O grande problema, alerta a professora, está associado aos contaminantes, como metais e resíduos de medicamentos veterinários e de praguicidas. Esses compostos têm limites máximos estabelecidos pelas agências reguladores nacionais, como a Agência Nacional de Vigilância Sanitária (Anvisa) ou órgãos internacionais.
O importante é que os contaminantes nos alimentos sejam analisados e que estejam de acordo com o preconizado por estes órgãos.
– A dose faz o veneno. O que mata não é um pouco disso, um pouco daquilo, mas a exposição crônica – resume.
Brasil é líder no consumo de agrotóxicos?
O título brasileiro de maior consumidor mundial de agrotóxicos tem duas faces. O país, com dimensão continental, é o primeiro do ranking no volume total utilizado. Mas, quando os números são analisados pela proporção de área cultivada, o Brasil cai para a sétima posição _ atrás do Japão, Coreia, Alemanha, França, Itália e Grã Bretanha.

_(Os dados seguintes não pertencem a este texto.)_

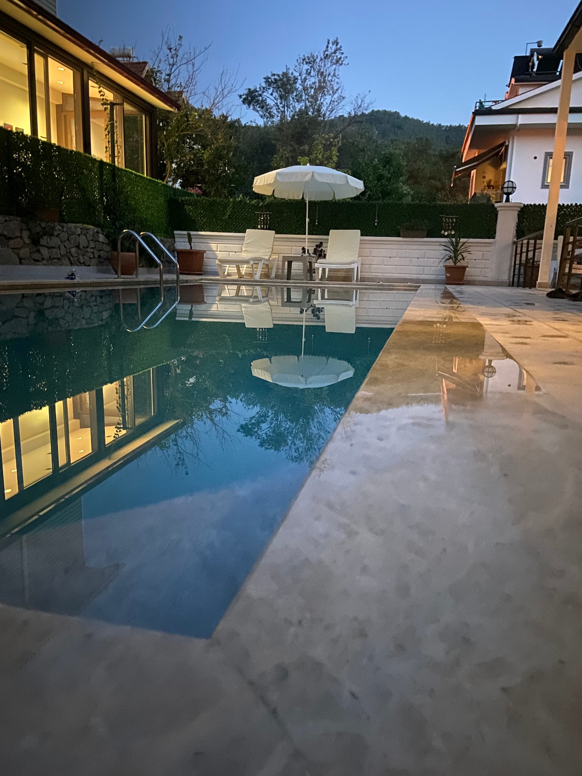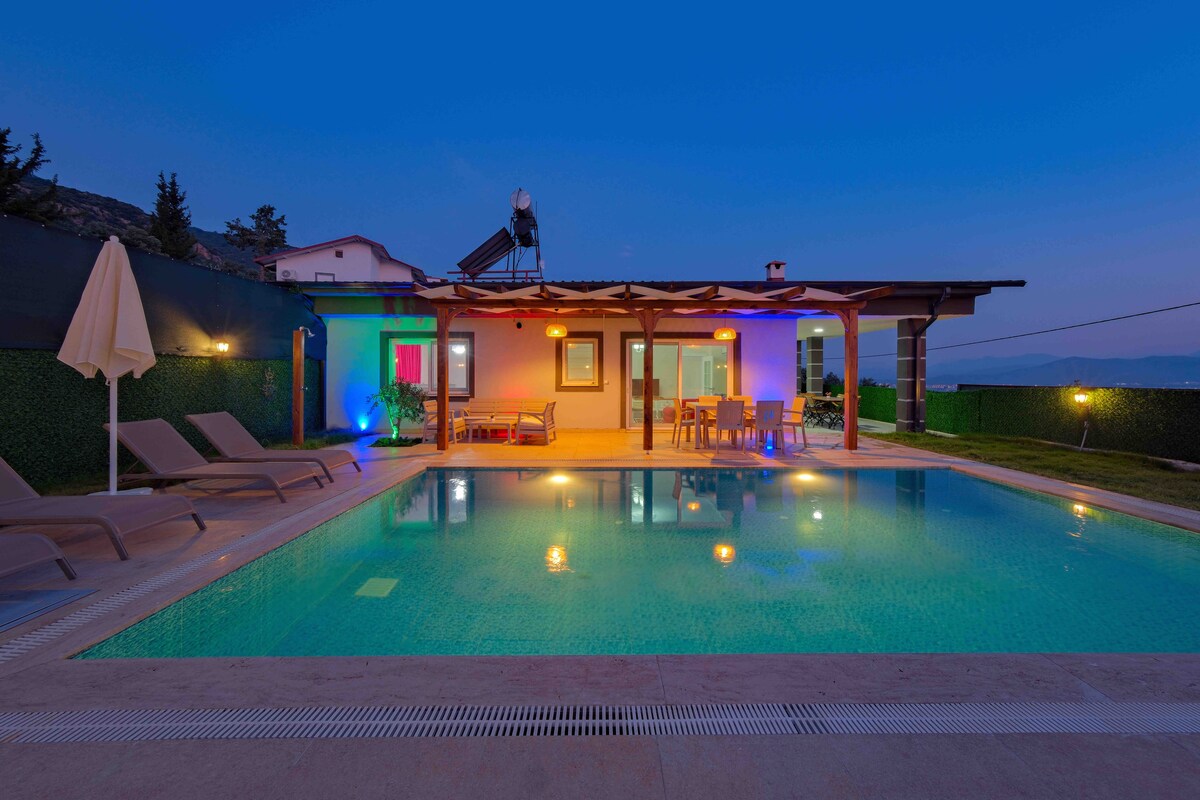 Puedes pasar unas vacaciones tranquilas en nuestra villa con piscina rodeada de vegetación junto al bosque. Nuestra villa en Fethiye Yeşilüzümlü es espaciosa y adecuada para familias y nuestros huéspedes especiales. Consta de tres habitaciones y un salón, y hay dos camas de matrimonio, dos camas individuales y dos sofás cama. El jardín y la barbacoa están disponibles. Nuestra villa está a 10 minutos del centro de Fethiye y a media hora(en coche), a 15 minutos de la playa de Calis (en coche) y a 15 minutos de la playa de Calis. Mascotas son bienvenidas.

O Japão, por exemplo, campeão em longevidade e qualidade de vida, utiliza oito vezes mais defensivos agrícolas por hectare.
_ A imagem do uso de agrotóxicos no Brasil é desconectada com a realidade _ diz Caio Carbonari, professor da Universidade Estadual Paulista (Unesp).
E se a análise for feita pelo volume de alimentos produzidos, o Brasil despenca para 13º no ranking do uso de defensivos, com Argentina, Estados Unidos, Austrália, Espanha e outros oito países à frente. O trabalho de pesquisa analisou dados do uso de agroquímicos nas culturas de soja, milho, algodão e cana de açúcar entre os anos de 2002 e 2015.
_ Estamos em uma situação muito confortável quando olhamos os dados com a ótica adequada, atrás, inclusive, de países de clima temperado, com menor necessidade de químicos do que a agricultura tropical brasileira _ esclarece o professor.
Os números da indústria mostram inclusive uma queda no consumo de químicos nos últimos anos no Brasil, acrescenta Carbonari:
_ Não existe consumo exacerbado, até porque a ineficiência no uso de insumos significa custos maiores aos produtores.